Rosa, 51, lost her job at the start of the pandemic. Then last summer, she got a new job washing dishes at a restaurant for $12.50 an hour. There often isn't enough money to cover $1,050 a month in rent. Rosa, who asked to be identified only by her first name, said her landlord won't fix a clogged drain or address the bug infestation, stretching her budget even further.

Rosa received help from local organizations when she fell behind on bills in 2020. Now she owes April and May rent. She said she fears what will happen to her family when the eviction moratoria lift and thinks that her only option may be to return to Mexico, where most of her family lives.

"If I'm going to suffer like I'm suffering right now, I'll suffer in my country, because at least every day, we have vegetables, we can eat without worrying about rent," Rosa said, speaking through an interpreter.

At Hudson River Housing, a local nonprofit organization, Tina Calcutti fields nonstop phone calls from tenants behind on rent and landlords strapped for income. Many people seeking help don't have Internet access, so Calcutti and her small team handle paperwork on their behalf.

Hudson River Housing is administering a specific pandemic rental assistance program, using $1.1 million in funding from Ulster County's neighboring Dutchess County and the city of Poughkeepsie. During the one-month application window, 889 tenants applied for help, along with 219 landlords.

There isn't nearly enough money to go around, Calcutti said. People who are awarded help can receive only up to six consecutive months of rent - far less than what many people owe.

A nationwide eviction moratorium imposed by the Centers for Disease Control and Prevention was extended through June 30, although legal challenges continue to work their way through the courts. In New York state, evictions are on pause until the end of August.

Calcutti said she can hardly consider what will happen when those restrictions lift.

"There's going to be a lot of homeless people," she said.

On a rainy afternoon in May, spaghetti was served for lunch at Chiz's Heart Street. Chisholm said the dining room felt emptier than ever. Of the dozens of residents she has matched with new homes, some have been moved into other boardinghouses or assisted-living centers.

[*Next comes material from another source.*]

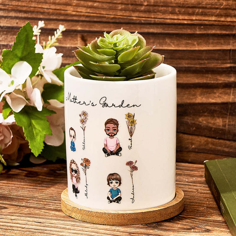 Esta maceta de cerámica personalizada es un regalo único y considerado para cualquier abuela o madre. Con un diseño de flor de nacimiento y una figura de dibujos animados personalizables, agrega un toque personal a cualquier hogar u oficina. Fabricada con cerámica de alta calidad, es un regalo duradero y significativo para los seres queridos.

Nan Potter, the broker for the previous property owners, said that the group home had been far from self-supporting. She said that after 17 years, the owners, the Stockade Group, "felt it was time for them to step away and sell." Potter said that Chisholm told the owners she was also ready to retire. Chisholm told The Washington Post that she informed the owners in 2018 that she would retire in a year, but that she ultimately stayed in the job and did not have immediate plans to leave, particularly during the pandemic.

Potter said local officials and organizations were notified of the pending sale so that residents could find new homes. The previous owners declined an interview but said in a statement that "they are taking active steps to help residents relocate."

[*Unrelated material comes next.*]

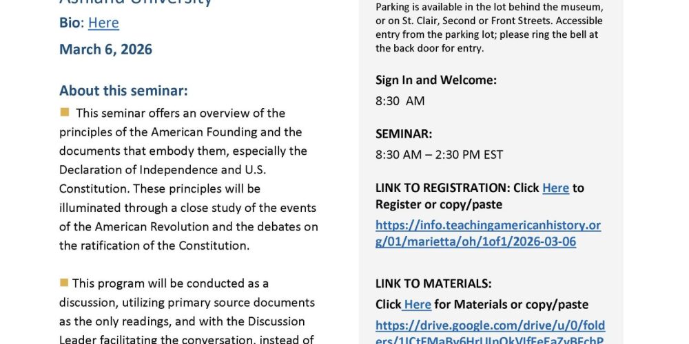 On Friday, March 6th at Campus Martius, we're hosting an opportunity for some FREE teacher training for middle and high school social studies teachers titled, "America at 250: The Legacy of the Declaration of Independence", as part of Ashland University's...

Potter said the local housing market "is exceptional." But she said the boardinghouse was not a typical property. She noted that at one point, the list price was reduced. An offer was accepted in March, and a closing date is set for early summer. All residents will have to move out before the property transfers hands.

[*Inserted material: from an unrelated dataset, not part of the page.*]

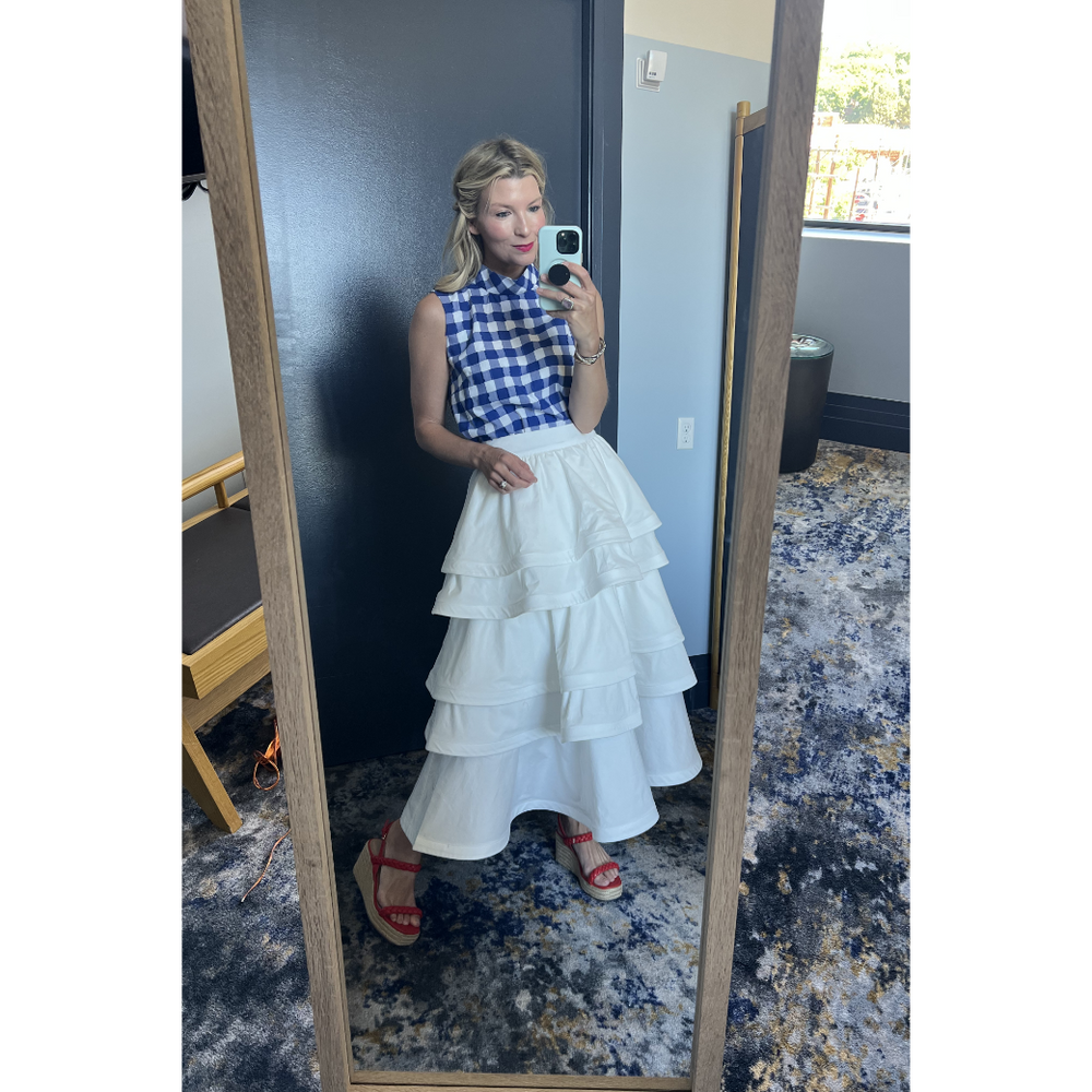Such a cute Summer look with our blue/white gingham tunic top and red espadrille sandals!

As lunchtime wound down, Robert Hatcher, 77, navigated his electric scooter through the dining room. A Kingston native and veteran, Hatcher said he has been at the group home on and off for seven years.

He said he'd like an apartment of his own. If push came to shove, he could probably stay with his sister or get housing help from veterans' groups.

"I'll be out there looking," Hatcher said, shaking his head, "like everybody else."